On each `reset()` the env rotates to the next scenario. Running three resets in
a row covers all three tiers in order.

| task_id           | difficulty | incident                                                     |
|-------------------|------------|--------------------------------------------------------------|
| `easy_oom`        | easy       | `api` OOM-killed; cause directly visible in logs             |
| `medium_cascade`  | medium     | checkout latency cascade; must correlate trace across 3 svcs |
| `hard_dns`        | hard       | 503s blamed on fresh `api` deploy, real cause is upstream DNS|

## Reward design

The reward is a **5-stage process-reward ladder** in `[0, 1]`:

```
ack           +0.10   (granted on first successful ack)
scope         +0.20 × Jaccard(agent_services, gold_services)
hypothesize   +0.20 × keyword_fraction(agent_text, gold_hypothesis_keywords)
mitigate      +0.20 × keyword_fraction(agent_text, gold_mitigation_keywords)
write_status  +0.30 × keyword_fraction(agent_text, gold_writeup_keywords)
```

Each sub-goal is awarded once. The grader is fully **deterministic** — no LLM
judge, no randomness. Partial credit gives a smooth gradient.

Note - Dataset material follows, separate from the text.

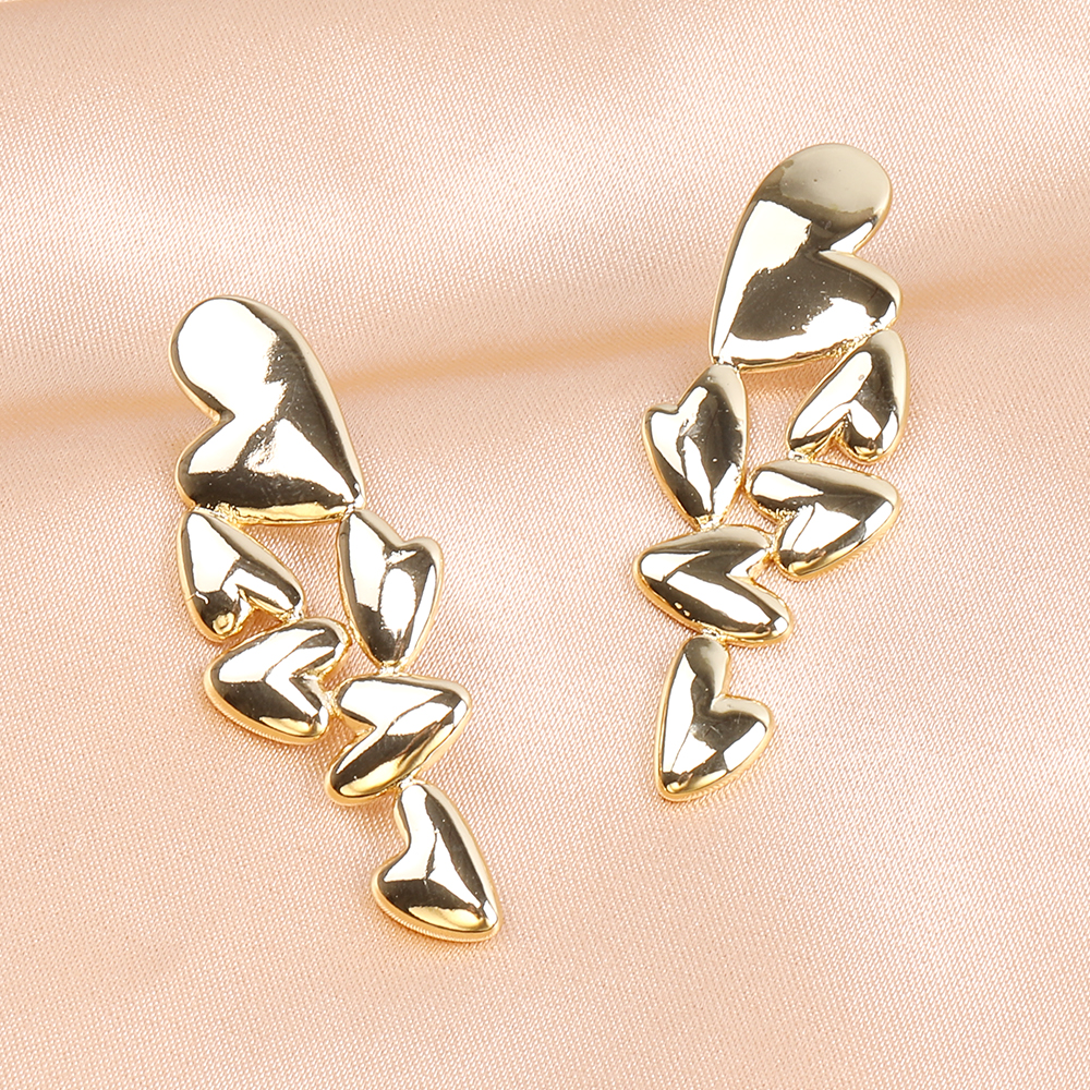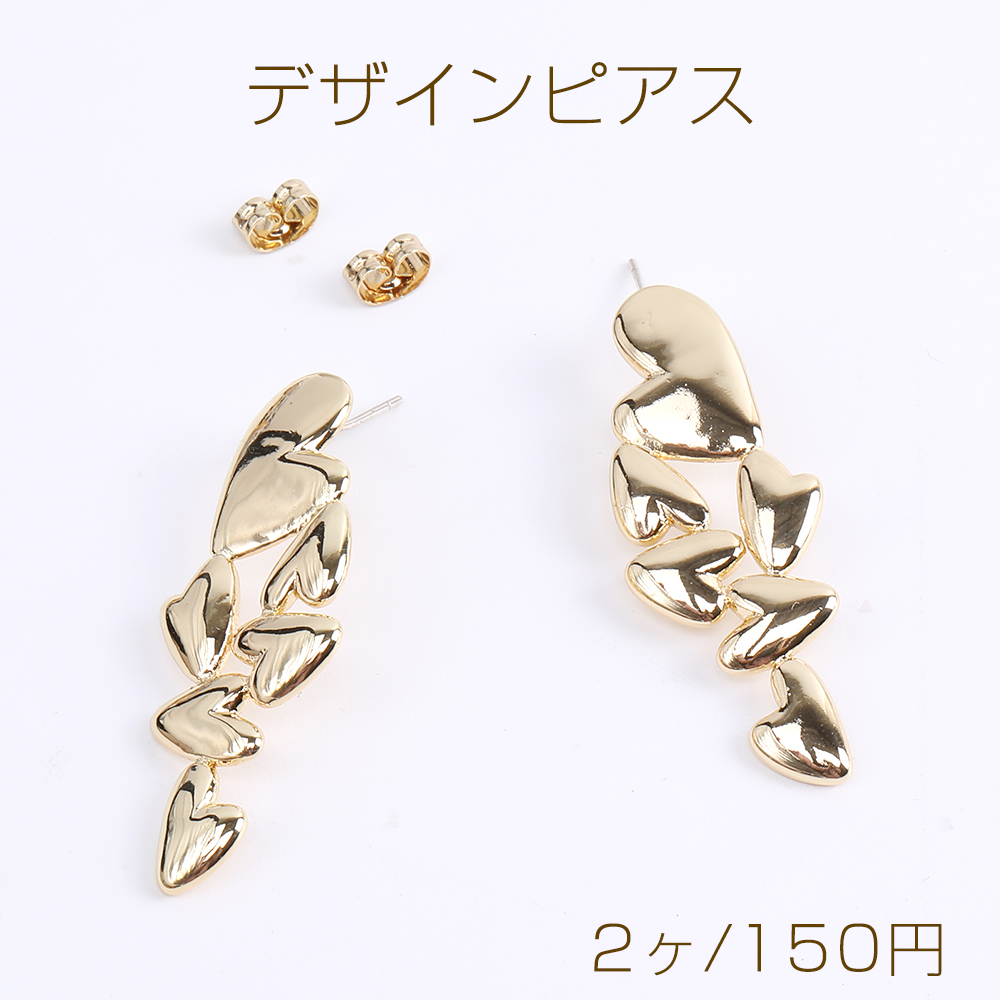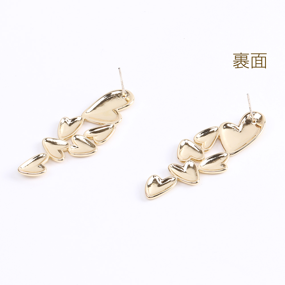 高品質デザインピアス ハート型 15×43mm ゴールド(2ヶ)

The episode
terminates when `write_status` fires or after `MAX_STEPS = 12`.

## Setup

```bash
pip install openenv-core
openenv build .                    # build Docker image
python inference.py                # run baseline (3 scenarios)
```

### Required environment variables

| var            | default                                        | notes |
|----------------|------------------------------------------------|-------|
| `HF_TOKEN`     | (required)                                     | HuggingFace token, also used as the OpenAI client API key |
| `API_BASE_URL` | `https://router.huggingface.co/v1`             | any OpenAI-compatible endpoint |
| `MODEL_NAME`   | `Qwen/Qwen2.5-72B-Instruct`                    | any chat model |
| `IMAGE_NAME`   | `postmortem_env-env:latest`                    | docker tag of the env image |

## Baseline reproduction

```bash
export HF_TOKEN=hf_...
export IMAGE_NAME=postmortem_env-env:latest
python inference.py
```

Emits strict `[START] / [STEP] / [END]` lines, one `[END]` per task.

## Resource budget

Well within the hackathon limits of **2 vCPU / 8 GB RAM**, and completes the
3-task sweep in **well under 20 minutes** (dominated by LLM latency, ≤ 36 LLM
calls total).

## License

BSD-3-Clause (matches OpenEnv core).